> [WHAT IS REQUIRED]:
From the listing below, copy only the lines from the line that contains "2、點擊應用歌單廣場頁,以自然之聲等分類,呈現都市、野外等場景音頻助眠選擇。" to the line that contains "古着 Hanes ヘインズ", counting those two lines as part of the copy.

> [INPUT FOR THIS TASK]:
Start of Block

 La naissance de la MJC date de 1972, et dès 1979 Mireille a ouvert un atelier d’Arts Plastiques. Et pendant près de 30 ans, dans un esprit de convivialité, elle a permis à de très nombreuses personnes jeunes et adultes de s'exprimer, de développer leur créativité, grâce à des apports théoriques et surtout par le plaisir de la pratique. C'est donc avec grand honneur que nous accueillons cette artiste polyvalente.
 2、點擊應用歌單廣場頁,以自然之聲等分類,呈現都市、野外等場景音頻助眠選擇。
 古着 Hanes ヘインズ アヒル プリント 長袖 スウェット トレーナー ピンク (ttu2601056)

End of Block
Start of Block

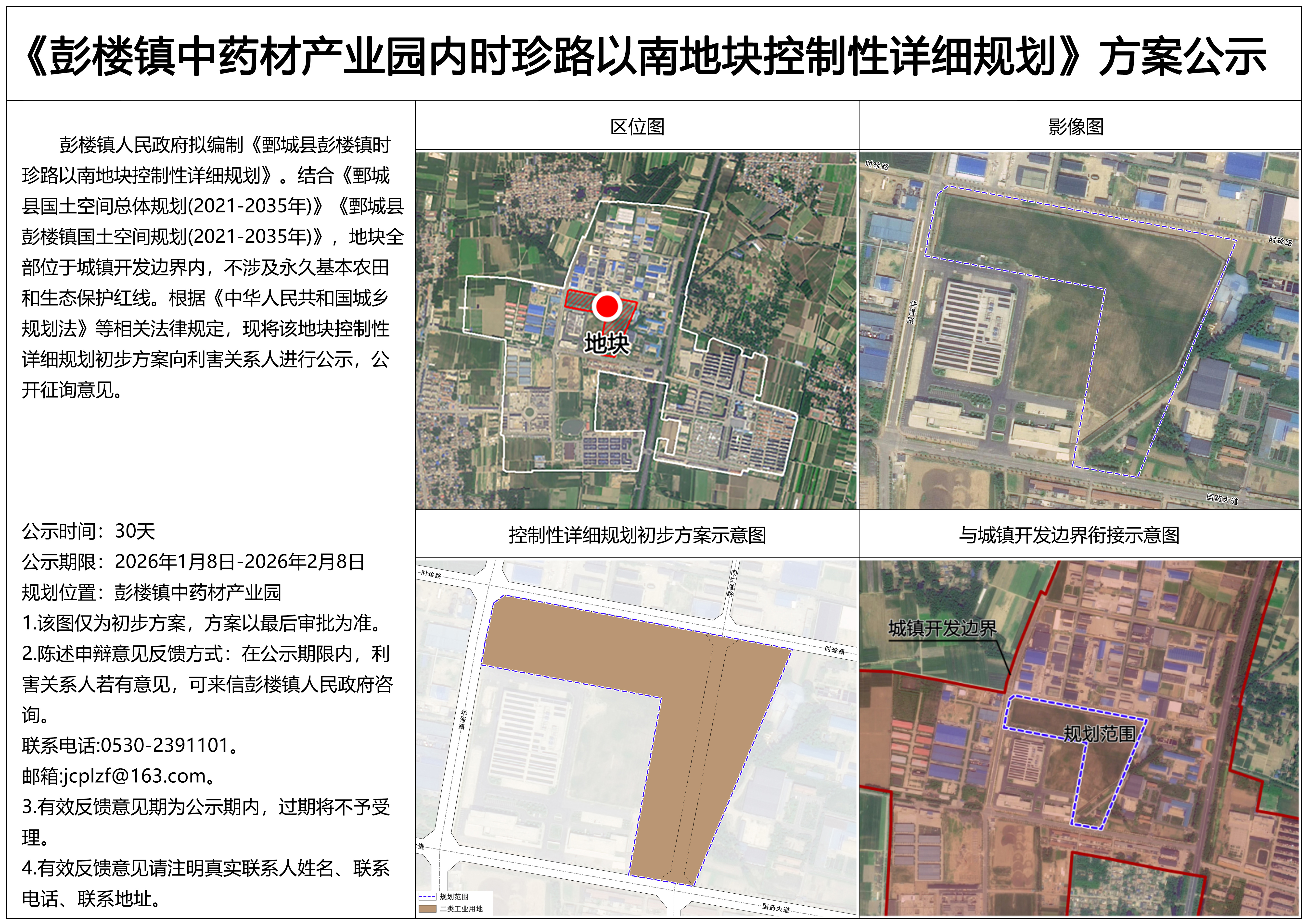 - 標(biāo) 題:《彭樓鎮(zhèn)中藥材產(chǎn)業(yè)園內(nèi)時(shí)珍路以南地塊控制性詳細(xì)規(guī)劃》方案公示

End of Block
Start of Block

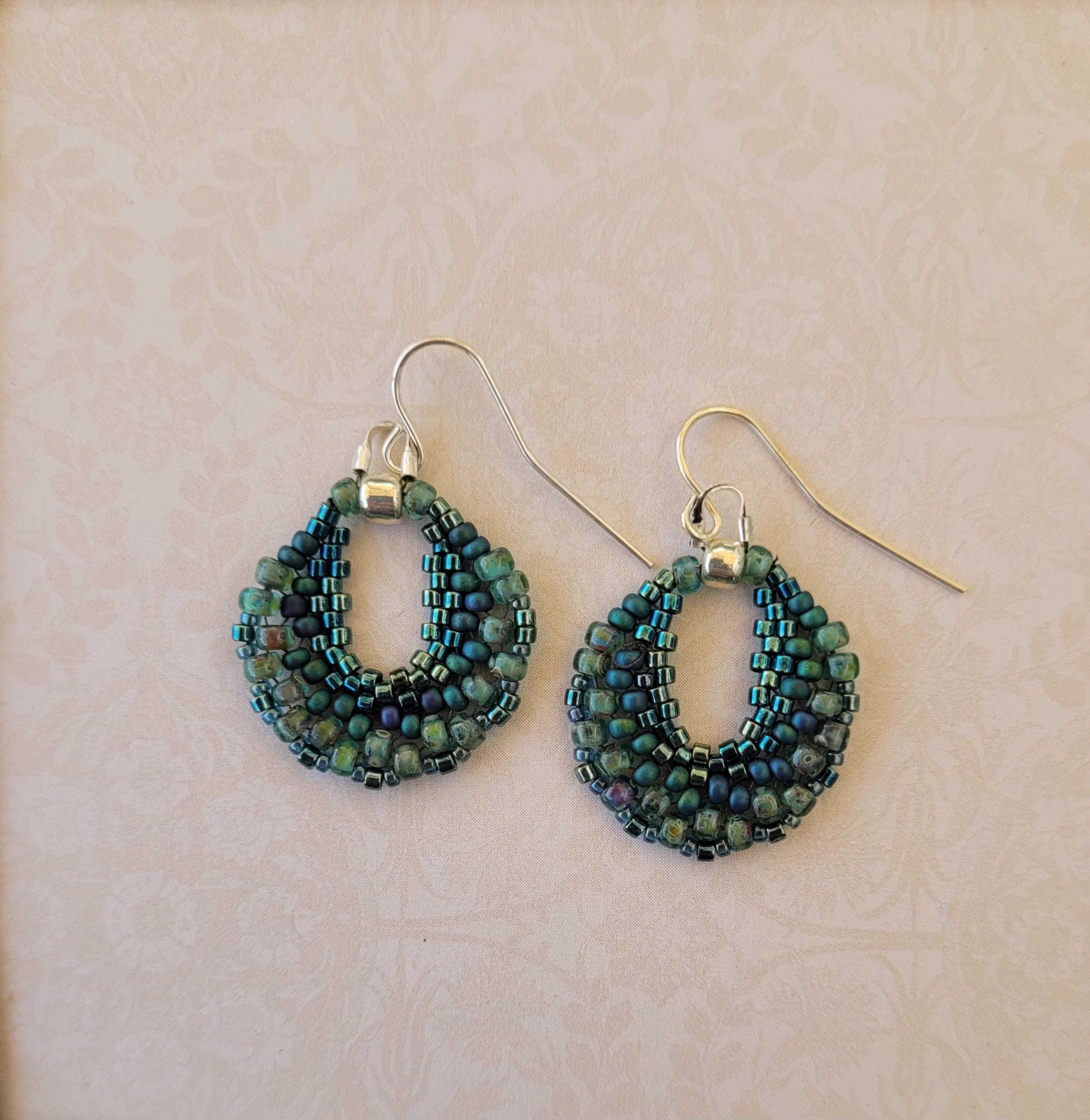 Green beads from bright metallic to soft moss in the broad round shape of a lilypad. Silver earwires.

End of Block

> [EXERCISE OUTPUT]:
 2、點擊應用歌單廣場頁,以自然之聲等分類,呈現都市、野外等場景音頻助眠選擇。
 古着 Hanes ヘインズ アヒル プリント 長袖 スウェット トレーナー ピンク (ttu2601056)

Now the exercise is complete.